▸ **DATA SHOWN**:
-- Opening Marker --
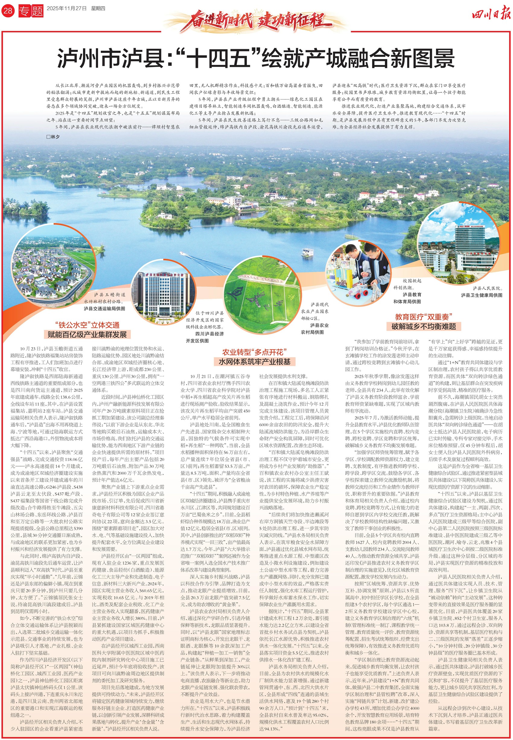 从长江北岸、濑溪河旁产业园区的机器轰鸣,到乡村振兴示范带的稻浪翻涌;从城市更新中拔地而起的新地标、新通道,到民生工程里受惠群众舒展的笑颜,泸州市泸县这座千年古城,正以日新月异的姿态在多个领域协同突破,迎来一场全方位蜕变。
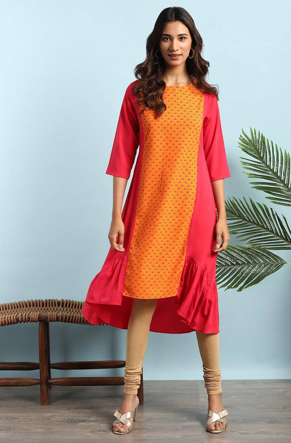 - Style:- Length: 46(inch) | Pattern: Floral Printed | Occasion: Casual | Type: A-Line | Sleeve Type: 3/4 Sleeves Regular Sleeves | Color: Orange
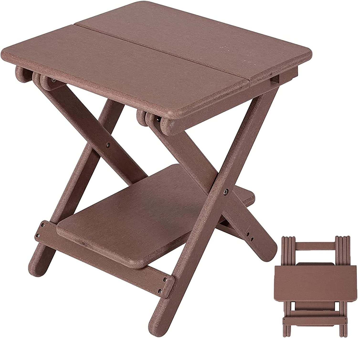 NALONE Adirondack Folding Table 15.7" Outdoor Side Table HDPE Plastic Double End Table Portable for Camping, Patio, Picnic, Porch, Deck (Brown)
-- Closing Marker --
Give back all the material exactly, with no pictures.

 从长江北岸、濑溪河旁产业园区的机器轰鸣,到乡村振兴示范带的稻浪翻涌;从城市更新中拔地而起的新地标、新通道,到民生工程里受惠群众舒展的笑颜,泸州市泸县这座千年古城,正以日新月异的姿态在多个领域协同突破,迎来一场全方位蜕变。
 - Style:- Length: 46(inch) | Pattern: Floral Printed | Occasion: Casual | Type: A-Line | Sleeve Type: 3/4 Sleeves Regular Sleeves | Color: Orange
 NALONE Adirondack Folding Table 15.7" Outdoor Side Table HDPE Plastic Double End Table Portable for Camping, Patio, Picnic, Porch, Deck (Brown)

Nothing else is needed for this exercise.